User initiated Search
These methods are used by the Odalic server in the user search dialog.
- findPredicateByFulltext
Returns candidate entities (predicates) from the KB based on supplied string value, domain and range. - findResourceByFulltext
Returns candidate entities (resources) from the KB based on supplied string value. - findClassByFulltext
Returns candidate entities (classes) from the KB based on supplied string value.
Proposals
- isInsertSupported
Information about whether the knowledge base supports inserting new concepts. - insertClass
Inserts a new class into the knowledge base. - insertConcept
Inserts a new concept into the knowledge base. - insertProperty
Inserts a new property type into the knowledge base.
Export
- getPropertyDomains
Returns domain of the given resource. - getPropertyRanges
Returns range properties of the given resource.
SPARQL Proxy
The SPARQL Proxy implements the above mentioned methods using Jena to generate the required SPARQL SELECT, INSERT and ASK requests.
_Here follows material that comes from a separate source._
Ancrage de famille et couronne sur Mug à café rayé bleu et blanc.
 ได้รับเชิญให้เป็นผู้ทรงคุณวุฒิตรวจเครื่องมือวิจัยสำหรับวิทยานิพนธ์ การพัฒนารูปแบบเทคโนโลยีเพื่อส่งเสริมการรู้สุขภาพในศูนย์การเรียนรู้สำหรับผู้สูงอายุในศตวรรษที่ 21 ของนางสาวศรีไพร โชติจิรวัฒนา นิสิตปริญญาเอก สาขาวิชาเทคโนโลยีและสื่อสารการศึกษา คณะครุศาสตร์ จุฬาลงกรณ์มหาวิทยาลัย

The original TableMiner+ created SPARQL queries by string concatenation, the current approach makes use of Jena "bulder" classes and is both more readable and less error prone. The fulltext search is implemented by querying the DBpedia fulltext catalogue through the "bif:contains" predicate. If the fulltext catalogue is not available, the proxy falls back on regex based filters, that are somewhat slower.
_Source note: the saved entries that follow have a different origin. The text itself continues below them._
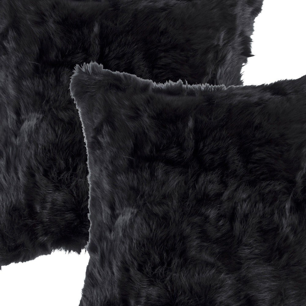 Set Of Two 18" X 18" Black Rabbit Natural Fur Animal Print Throw Pillows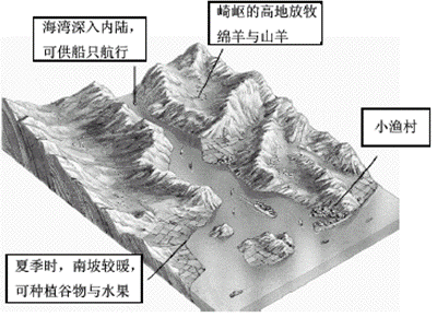 (1)根据图中提供的信息,判断该地最可能是下列哪一国家海岸地区的典型景观?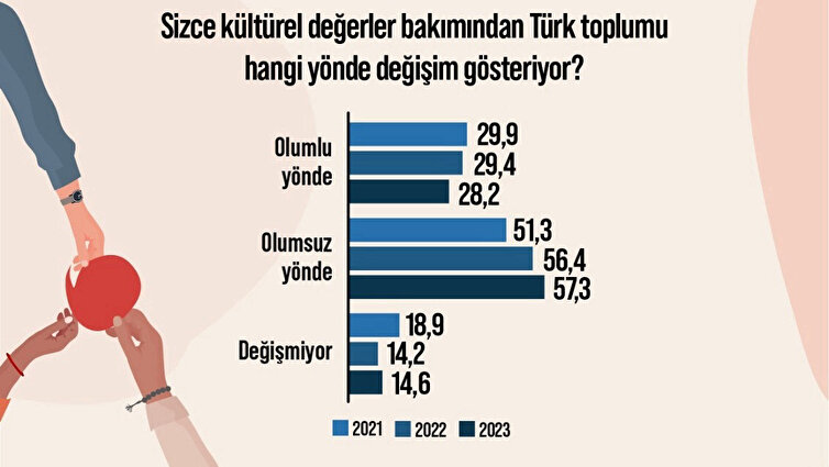 Araştırma kapsamında katılımcılara, kültürel değerler bakımından Türk toplumunun hangi yönde değişim gösterdiği de soruldu. Türk halkının yüzde 57,3’ü olumsuz yönde değişimin olduğunu söylerken, yüzde 28,2’si olumlu yönde değişimin olduğunu düşünüyor. Değişim yaşanmadığını düşünenler ise yüzde 14,6 oranına sahip.

In user search, it is important to be able to return any resources found during the disambiguation. This is not always possible, because some results, like types from column classification, may not have labels. It is also important to be able to find any recently proposed resources. For this reason, the user initiated search always performs both exact match query and fulltext query. The exact match query usually returns less results, but can find recently proposed resources, that have not yet been added to the fulltext catalogue of the knowledge base.
The disambiguation of cells usually creates following queries.
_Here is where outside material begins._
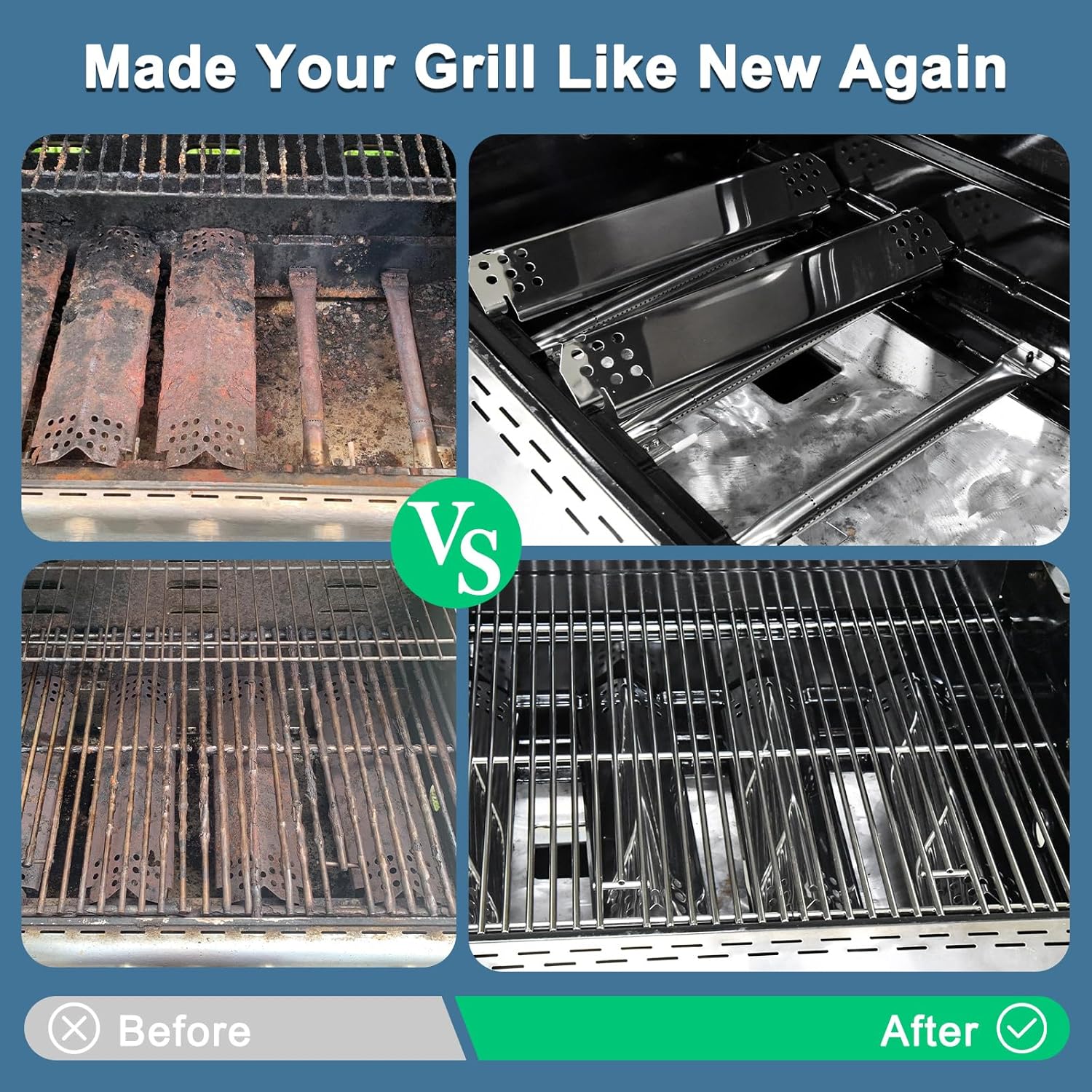 Over time, parts on your barbecue grill will wear out and rust, making your grill not work the way it is suppose to. Get your grill working again with this for nexgrill 720-0882a evolution infrared plus 5-burner gas grill rebuild kit!DOES IT FIT?✔️ For Nexgrill 5-Burner 720-0882A 720-882A 7200882A 720-0882AE Gas GrillsSPECIFICATION★ Grill Burner Material: stainless steel, Dimensions: 15" x 1"★ Heat Plate Material: stainless steel, Dimensions: 14 9/16" x 3 1/4"★ Grill Grate Material: cast iron, Dimensions: 16 7/8" x 11 1/2" for 2pcs larger grates, 16 7/8" x 5 5/8" for 1pcs small grate, 16 7/8" x 28 5/8" for total★ Included With Purchase: 3 grill grates, 5 replacement heat plates, 5 grill burners, 5 grill ignitersADVANTAGE & BENEFIT👉Perfect fit, Work well👉Easy to install👉Much cheaper than buying locally👉Made your grill like new again👉Extend the life of your old grill

Exact match query by label
ExamplePREFIX geonames: <http://www.geonames.org/ontology#> PREFIX owl: <http://www.w3.org/2002/07/owl#> PREFIX skos: <http://www.w3.org/2004/02/skos/core#> ... # Other prefixes left out. SELECT DISTINCT ?subject WHERE { { SELECT DISTINCT ?subject WHERE { { ?subject foaf:name "Gardens of the Moon"@en } UNION { ?subject dbpprop:fullname "Gardens of the Moon"@en } UNION { ?subject rdfs:label "Gardens of the Moon"@en } UNION { ?subject dbpprop:name "Gardens of the Moon"@en } UNION { ?subject dbpedia-owl:originalTitle "Gardens of the Moon"@en } } } ?subject rdf:type ?class }Fulltext query by label
Example# Prefixes left out. SELECT DISTINCT ?subject ?object WHERE { { SELECT DISTINCT ?subject ?object WHERE { { ?subject foaf:name ?object . ?object <bif:contains> "\"Gardens\" AND \"of\" AND \"the\" AND \"Moon\"" } UNION { ?subject dbpprop:fullname ?object . ?object <bif:contains> "\"Gardens\" AND \"of\" AND \"the\" AND \"Moon\"" } UNION { ?subject rdfs:label ?object . ?object <bif:contains> "\"Gardens\" AND \"of\" AND \"the\" AND \"Moon\"" } UNION { ?subject dbpprop:name ?object . ?object <bif:contains> "\"Gardens\" AND \"of\" AND \"the\" AND \"Moon\"" } UNION { ?subject dbpedia-owl:originalTitle ?object . ?object <bif:contains> "\"Gardens\" AND \"of\" AND \"the\" AND \"Moon\"" } } } ?subject rdf:type ?class }Query attributes for every result
Example# Prefixes left out. SELECT DISTINCT ?predicate ?object WHERE { dbpedia:Gardens_of_the_Moon ?predicate ?object }Query label for every attribute
Example# Prefixes left out. SELECT DISTINCT ?object WHERE { { dbpedia-owl:Book foaf:name ?object } UNION { dbpedia-owl:Book dbpprop:fullname ?object } UNION { dbpedia-owl:Book rdfs:label ?object } UNION { dbpedia-owl:Book dbpprop:name ?object } UNION { dbpedia-owl:Book dbpedia-owl:originalTitle ?object } }
Websearch Module
Provides functionality for searching concepts of the web. Used for scoring results. Formerly implemented using Bing Web Search API, now renamed to Microsoft Cognitive Services.